Using the fastq-dump utility to obtain the FASTQ reads

1. Change into your home directory (cd ~)
2. Just like with the tar command, we will use the fastq-dump command on the SRA file to extract the FASTQ reads.  Like with the tar command, we need to include several options as well.  For simplicity, let's just extract the first 10 reads.
   • ~/sratoolkit.2.5.7-ubuntu64/bin/fastq-dump.2.5.7 -X 10 --split-files SRR3191542.sra
   • -X <#>: Extract the first # reads from the SRA file
   • --split-files: Generate separate "R1" and "R2" files for a paired-end experiment
3. If you now list at all the files beginning with SRR, you should now see addition *.fastq files:
   
   jabelsky@dinesh-mdh:~$ ls SRR*
SRR3191542_1.fastq SRR3191542_2.fastq SRR3191542.sra

An even easier way to obtain the FASTQ reads (without having to download the *.sra file directly)

In the newest version of the sratoolkit (version 2.5.7), you can just specify the SRR accession number as the "input" argument to fastq-dump.  fastq-dump will automatically fetch the SRA and convert it to the FASTQ format without having to explicitly download the *.sra file.  For example, if you want to download the first 1,000,000 reads from the Mock2-1 dataset (SRR3194428), you can issue the following:

jabelsky@dinesh-mdh:~$ sratoolkit.2.5.7-ubuntu64/bin/fastq-dump -X 1000000 SRR3194428
Read 1000000 spots for SRR3194428
Written 1000000 spots for SRR3194428

jabelsky@dinesh-mdh:~$ ls SRR3194428*
SRR3194428.fastq

This creates the output file SRR3194428.fastq, which contains the first 1,000,000 reads from the SRR3194428 file.

What is a FASTQ file?


The FASTQ format is a standard way to store sequencing read information.  Check the wikipedia page on the specifications: https://en.wikipedia.org/wiki/FASTQ_format

jabelsky@dinesh-mdh:~$ head -12 SRR3191542_1.fastq
@SRR3191542.1 1 length=76
TGGCACATGTATACATATGTAACTAACCTGCCCGTTCCGCACTTCTACCCTCCCCCTTTTTTTCCCCCCACCTACC
+SRR3191542.1 1 length=76
8--8-C,C,C,C9C,C,C,C,,CC,,CCC,;,;,8;,;,6+8+;,;,<6;;,,,,67;,,;8+,,,,+7++8,,9,
@SRR3191542.2 2 length=76
CCTGGTTTAATTGCAGCATTATCTGTTATATTAACGTTTTTAACTGTCTCTTTCTTCCTCTTTCCTTCTTCCCTTT
+SRR3191542.2 2 length=76
88A99EFE8,@C,C,,C,CE,CFE,CC,C,<;,,,,,;;6:,,<<,<6<,66;;,,6,,6,,<6;,,,6<;;6,,;
@SRR3191542.3 3 length=76
CGAATTGTAGCCAGGATACTTCACCAAAGAAACATAATTTATATACTCCCTCCCCCCTACTCTTCCTCTCTTTTTC
+SRR3191542.3 3 length=76
8---AC,C,,CC,,,,C,CEEC,CC,,,,,,,;,;,,,,<,<,,,;,6;;,;88678+,;6;6;;,,66:,<<,66

A FASTQ file normally uses four lines per sequence.

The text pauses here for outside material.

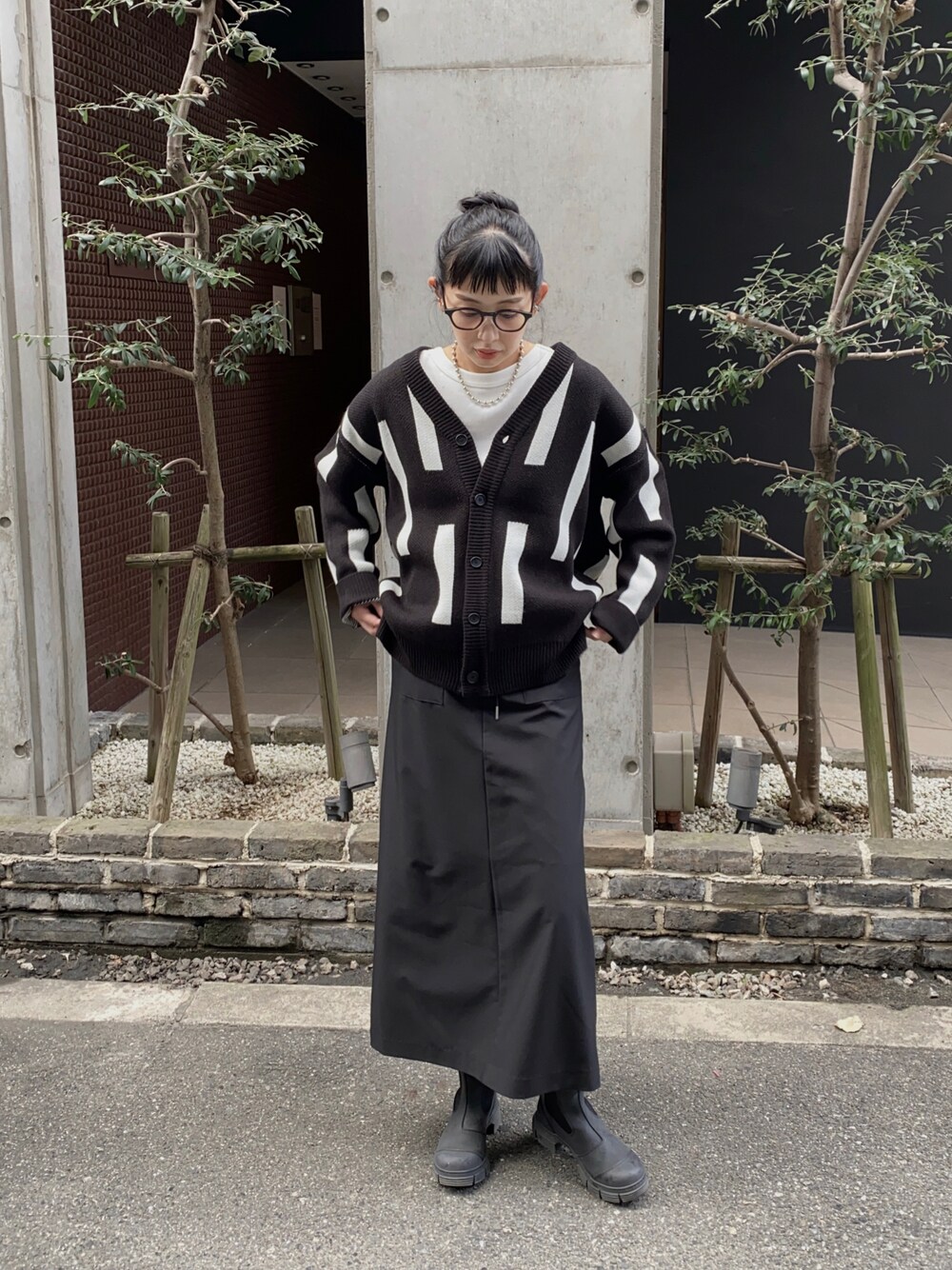 MARIKOのニット/セーター「スティックニットカーディガン/ユニセックス」を使ったコーディネート

• Line 1 begins with a '@' character and is followed by a sequence identifier and an optional description (like a FASTA title line).

• Line 2 is the raw sequence letters.

• Line 3 begins with a '+' character and is optionally followed by the same sequence identifier (and any description) again.

• Line 4 encodes the quality values for the sequence in Line 2, and must contain the same number of symbols as letters in the sequence.

Quality Score

The quality score is encoded in ASCII, meaning that every character is equivalent to a numeric value.  This is useful as it allows a single character to correspond to a number that would otherwise be equal to 2 digits.

!"#$%&'()*+,-./0123456789:;<=>?@ABCDEFGHIJ

33…………………………………………………….74

To obtain the quality score, first all the scores are shifted so that they are in the range from 0 to 41.  This is done by subtracting 33 from every score.

The quality score is directly related to the probability that the sequencer has "called" the nucleotide incorrectly.

Q_score = -10 log₁₀ (p)

p = 10^{-(Qscore / 10)}

For example, if the sequencer gives us a "#", that is equal to an ascii score of 35.  We subtract 33 from that number and get 2.  Then the probability that the sequencer has called this nucleotide incorrectly is:

p = 10^{-(2 / 10)} = 10^-1/5 = 0.6310

So there is a 63.1% chance that the nucleotide called is wrong.

How about for a quality score of an "C".  The ascii score of "C" is 67, and subtracting 33 gives us 24.  Then the probability that the sequencer has called this nucleotide incorrectly is:

p = 10^{-(24 / 10)} = 0.00398

So there is a 0.398% chance that the nucleotide called is wrong.